Кузьмин был тверд и вовсе не собирался туда идти…
Дверь открывалась и закрывалась, серая и ничем не примечательная, каждое движение ее сопровождалось скрипом. Было так: сначала раздавался скрип, вырывался пар, затем просвет, появившийся было, исчезал, и все это сопровождалось ударом, словно паровой молот опускался на сваю. И между этими звуками — медленным ржавым скрипом и ударом парового молота — вырывавшиеся клубы пара то выплевывали, то слизывали подошедшего вплотную к двери человека, словно внутри то появлялся, то исчезал вакуум, и так продолжалось все время, час за часом и день за днем, в чем каждый мог убедиться, имей он достаточно времени, чтобы простоять, наблюдая это, день или два.

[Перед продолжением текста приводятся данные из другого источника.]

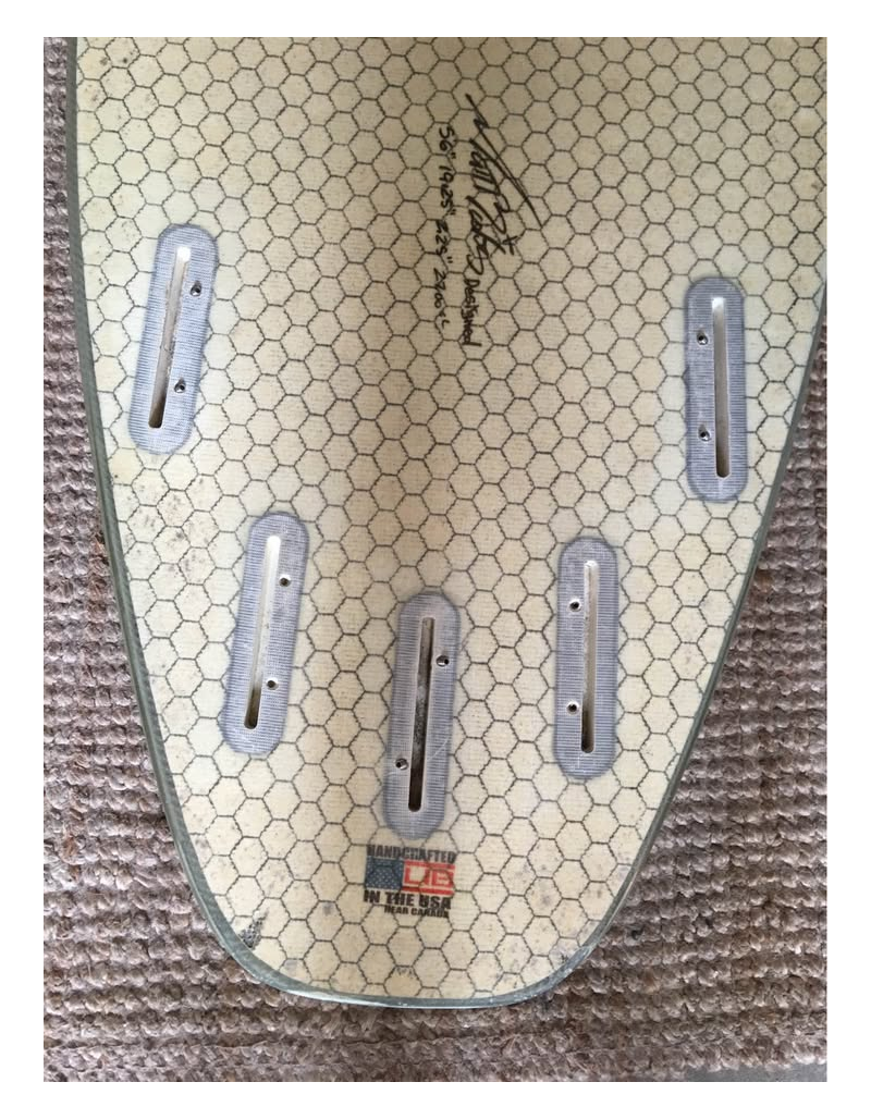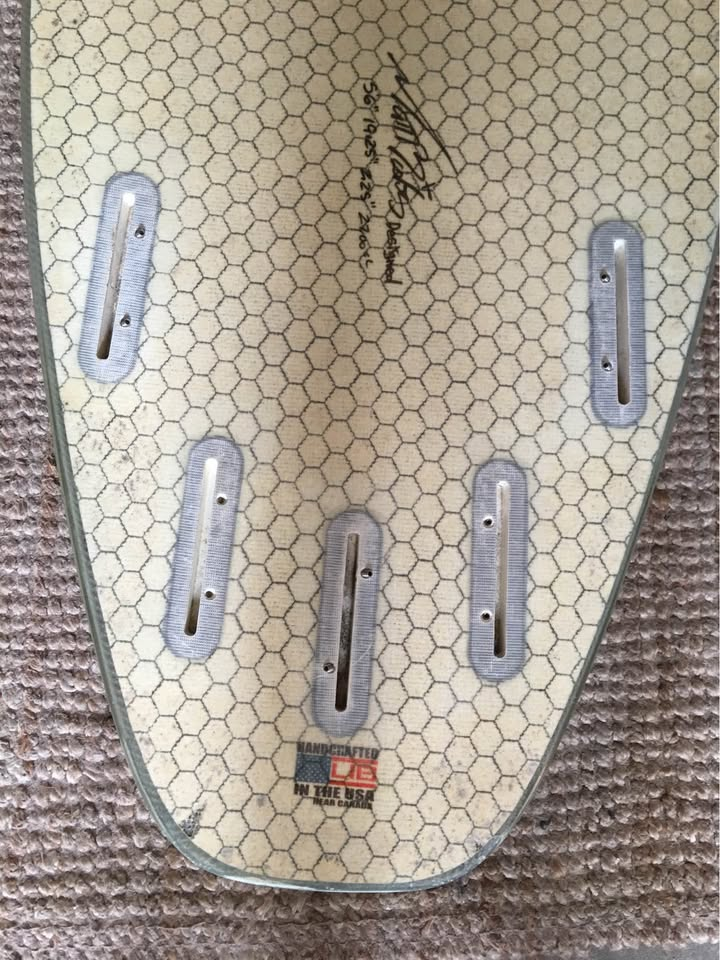 Planche bien surfée, avec enfoncements d'usage et réparations majeures
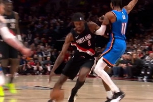 夹手臂了!格兰特突破被吹进攻犯规&开拓者挑战失败
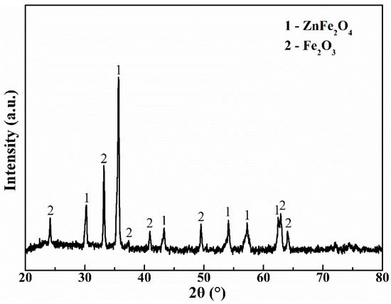 The third stage begins at 450 °C and ends at 1100 °C, with a weight loss of 30%. As shown in Figure 3, there is a strong endothermic peak at approximately 725 °C, and no significant heat absorption peak is observed when the temperature is higher than 725 °C, but the mass loss continues until the temperature rises to 1100 °C. XRD quantitative analysis was carried out using the XRD result in Figure 4. The results show that the roasted jarosite is composed by ZnFe2O4 and Fe2O3 with a weight percentage of 56.3% and 43.7%, respectively. As a result, the Zn to Fe ratio in the roasted jarosite is close to that of the jarosite residue, which means that there is almost no Fe and Zn loss during the roasting process. This also indicates that the mass loss at this stage is caused by desulfurization [15]. At this stage, part of the mass loss is assigned to the decomposition of ZnSO4 and PbSO4 [23]. The reaction may take place according to Equations (8)–(10).
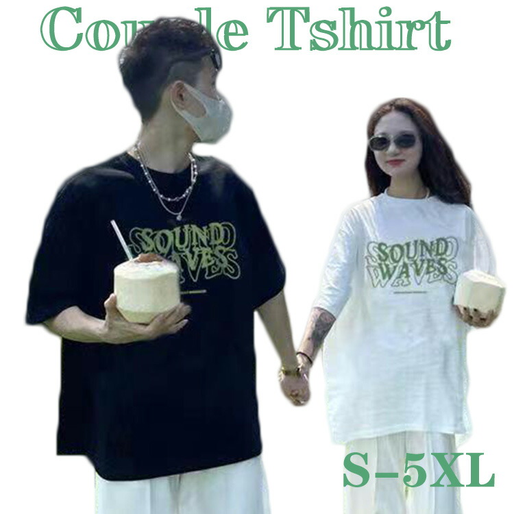 カップル ペアtシャツ 黒 可愛い ペアルック tシャツ お揃い コーデ おしゃれ カップル ペアルック Tシャツ 白 夏服 メンズ 半袖 オシャレ コーデ tシャツ レディース 2XL

Вот слизнуло еще одну неосторожно приблизившуюся фигуру: человек растворился в белом облаке и очутился внутри, где серое оборачивалось черным. Черный плюш, натянутый поверх плотно пригнанных досок, непроглядно черная темнота и легкое золотисто‑зеленоватое мерцание подсветки, мерцание, становившееся золотистым после того, как оно пробивалось сквозь бутылки с коньяком, или зеленоватым — через шампанское, а посреди этого мерцания или, точнее, среди него, словно окруженное нимбом, белело полное женское лицо с жесткими светлыми глазами.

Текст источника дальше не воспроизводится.